• **ASSIGNMENT**
In the records that follow, find the line containing "种植完成后,大家纷纷将成品整" and the line containing "そして藤井監督は『武士』とし", then transcribe both and every line between them exactly, omitting pictures.

[[ THE DATA, beginning ]]

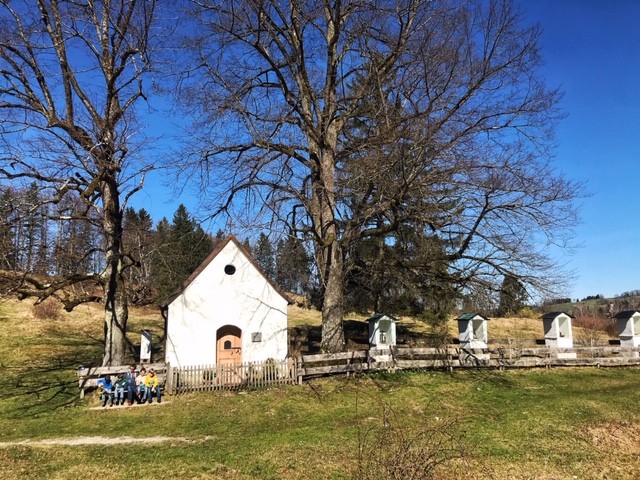 Hinter dem Sportplatz biegt Ihr rechts auf den Erlebnis-Wanderpfad. Dieser führt euch erstmal entlang des Waldes neben einem Bachlauf auf einem größeren Weg, bis ihr nach circa 500 m rechts auf die Buckelwiesen abbiegt. Ab jetzt geht es wunderschön in gemütlichem Tempo durch die seltene Moränen-Landschaft. Vorbei an der süssen Boschet-Kapelle, an der Ihr in der Sonne kurz rasten und die Sonnenstrahlen genießen könnt.
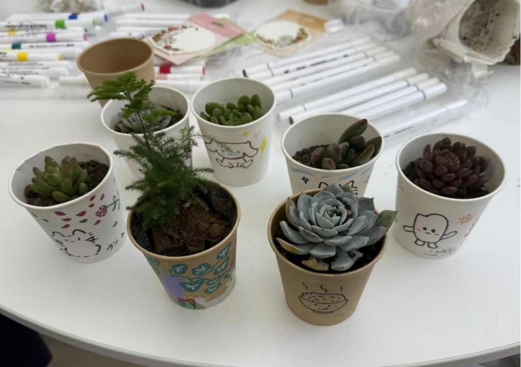 种植完成后,大家纷纷将成品整齐摆放展示,绿意盎然的小植株错落成一方治愈的角落。现场的轻松氛围吸引了许多师生驻足,欣赏这些饱含心意的作品。
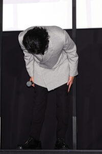 そして藤井監督は『武士』として「10代から見ていて、侍のような魂で“ちょっとはサボりなさいよ”って思うくらい真面目。ちょっとは休んでほしいというくらいストイックで。でも目指すものがあるからだろうなって思って」と、目を細めて話す。ここで5人の思いを受け止めての感想を振られた横浜だったが、大汗が吹き出たことに横浜が「汗の水かもしれない!」というと、山田孝之も1歩前に出て「正解!」と告げる、どこかコミカルな瞬間が。
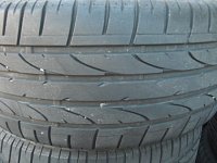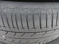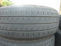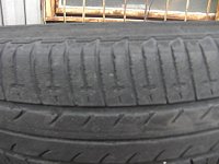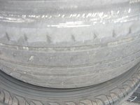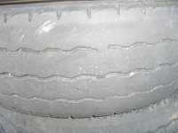 画像のタイヤは、新車から装着されて6年使用されたタイヤです。 画像上が前輪でして、やはり肩のあたりに、細かなヒビがビッシリ入ってます。
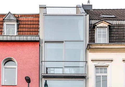 Aber auch in Deutschland kennt man sich aufgrund der dicht bebauten historischen Ortskerne mit schmal bemessenen Grundstücken ganz gut aus. Das sechsgeschossige Wohnhaus von Wolfgang Zeh in Köln beispielsweise ist lediglich drei Meter breit. In Esslingen planten Finckh Architekten zwar nicht im historischen Stadtkern, das Grundstück ließ jedoch trotzdem nur eine viergeschossige Bebauung mit 4,70 Metern Breite und 14 Metern Länge zu.
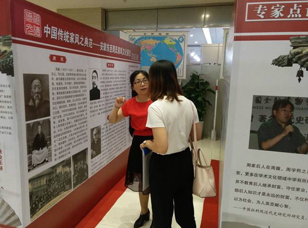 展区内,“百年家风,六世书香”的主题展吸引了众多过往参观者好奇的目光。除详细图文展板介绍外,还展示了“安徽东至周氏家族”后人100年来撰写的各种书籍近30种,其中部分书籍为绝版图书,十分珍贵。

[[ THE DATA, end ]]

• **SOLUTION FOR THIS EXERCISE**
 种植完成后,大家纷纷将成品整齐摆放展示,绿意盎然的小植株错落成一方治愈的角落。现场的轻松氛围吸引了许多师生驻足,欣赏这些饱含心意的作品。
 そして藤井監督は『武士』として「10代から見ていて、侍のような魂で“ちょっとはサボりなさいよ”って思うくらい真面目。ちょっとは休んでほしいというくらいストイックで。でも目指すものがあるからだろうなって思って」と、目を細めて話す。ここで5人の思いを受け止めての感想を振られた横浜だったが、大汗が吹き出たことに横浜が「汗の水かもしれない!」というと、山田孝之も1歩前に出て「正解!」と告げる、どこかコミカルな瞬間が。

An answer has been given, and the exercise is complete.